Where the REPLICATE function becomes useful is when the depth of the hierarchical query is known. This depth is represented in the Level column of the recursive CTE query.
READER NOTE: The next step will not run by itself and is there to show what this query looks like when it is partially done.
The way that the indentation will be built is to take the exact same tree path CTE query from the previous section, keeping the TreePath column formatted and sorted exactly as before. Note that there are no changes to the anchor or recursive part of the CTE. A new column will be added to the result set (called Department) which will replicate the indentation that is desired. The following example replicates four spaces for each level of the hierarchy.
SELECT REPLICATE(‘ ‘, Level)
+ Department as Department
Now drop that into the query that is calling the CTE.
;WITH departmentsCTE AS
(
SELECT id, Department, parent, 0 as Level,
cast(Department as varchar(8000)) as TreePath
FROM Departments
WHERE parent is NULL
UNION ALL
SELECT d.id, d.Department, d.Parent,
DepartmentsCTE.Level + 1 as Level,
cast(DepartmentCTE.TreePath
+ ‘ -> ‘
+ d.Department as varchar(8000)) as TreePath
FROM Departments d
INNER JOIN departmentsCTE ON DepartmentCTE.id = d.Parent
)
SELECT REPLICATE(‘ ‘, Level)
+ Department as Department
FROM departmentsCTE
ORDER BY TreePath;
Figure 5.8 Tree path hierarchy shown with indentation.
In the previous example it is necessary to include the ORDER BY TreePath to get all the departments to show up in the right order with sub-departments being shown under their parents. Without this sorting the results would get the departments out of order, with no representation of their place in the hierarchy.

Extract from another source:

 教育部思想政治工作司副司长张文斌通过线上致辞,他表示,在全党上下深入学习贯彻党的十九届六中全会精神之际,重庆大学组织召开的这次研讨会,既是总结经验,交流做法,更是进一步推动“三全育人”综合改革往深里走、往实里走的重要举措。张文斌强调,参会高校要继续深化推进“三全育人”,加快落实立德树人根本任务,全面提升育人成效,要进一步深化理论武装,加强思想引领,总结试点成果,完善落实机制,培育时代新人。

The indentation can be altered for different effects with the following and many more options:
SELECT REPLICATE(‘. ‘, Level)
+ Department as Department
Figure 5.9 Each level is indented with a dot and 2 spaces.

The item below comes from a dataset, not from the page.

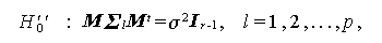 一方、(2.61) 式の M の列数は $\mbSigma_l$ の次数に等しいが、 M の行数は、大局的球形仮説の場合が $\mbSigma_l$ の次数マイナス1である 場合を除き、どの局所的球形仮説であるかにより変る。すなわち、一般に、このような 場合、多標本球形仮説は、大局的なものと局所的なものの2種類がある。もちろん、 反復測度要因が1つの場合、残りの独立測度がいくつあっても、大局的・局所的の 区別はなくなることは明らかである。すなわち例えば SPF-pr.q でも SPF-prt.q デザインでも、多標本球形仮説は (2.61) 式1つだけである。

SELECT REPLICATE(‘ ‘, Level) + ‘+’
+ Department as Department
Figure 5.10 Each level is indented with 3 spaces and a plus.
With the REPLICATE function it is easy to customize the output from hierarchical queries to better represent the hierarchical data.

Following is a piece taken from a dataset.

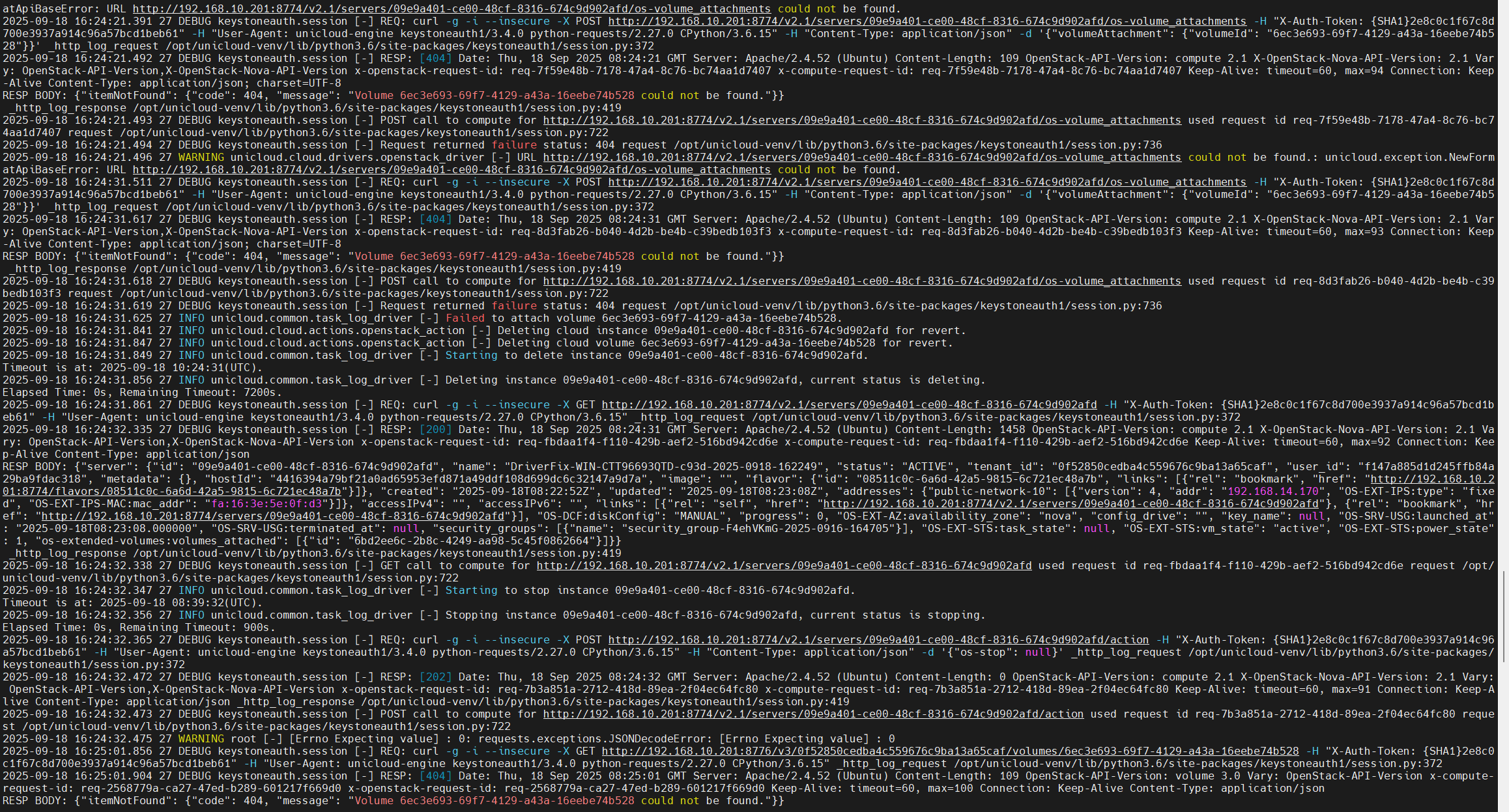 - Nova returns 404 when calling Cinder to attach the volume.

Hierarchy in Multiple Recursive Queries
The RoyalTreeCTE from the previous chapter was an interesting example of multiple recursive queries in the CTE, but it didn’t have a great visual representation of the data.
First we could apply the tree path method of formatting with the following query, which limits the results to only 3 levels of the hierarchy:
;WITH RoyalTreeCTE AS
(
SELECT *, 0 as level,
cast(name as varchar(4096)) as TreePath
FROM Royalty WHERE id = 17
UNION ALL
SELECT r.*, level + 1 as level,
cast(rt.TreePath + ‘–>father:’ +
r.name as varchar(4096)) as TreePath
FROM Royalty r
INNER JOIN RoyalTreeCTE rt on rt.father = r.id
UNION ALL
SELECT r.*, level + 1 as level,
cast(rt.TreePath + ‘–>mother:’ +
r.name as varchar(4096)) as TreePath
FROM Royalty r
INNER JOIN RoyalTreeCTE rt on rt.mother = r.id
)
SELECT TreePath
FROM RoyalTreeCTE
WHERE level < 3
ORDER BY TreePath;
Figure 5.11 Tree path for the Royalty tree.
As shown in Figure 5.11 Williams parents are Charles and Diana. The parents of Charles are Phillip and Elizabeth II, and the parents of Diana are Edward and Frances. This is challenging to follow when there are additional levels to the tree.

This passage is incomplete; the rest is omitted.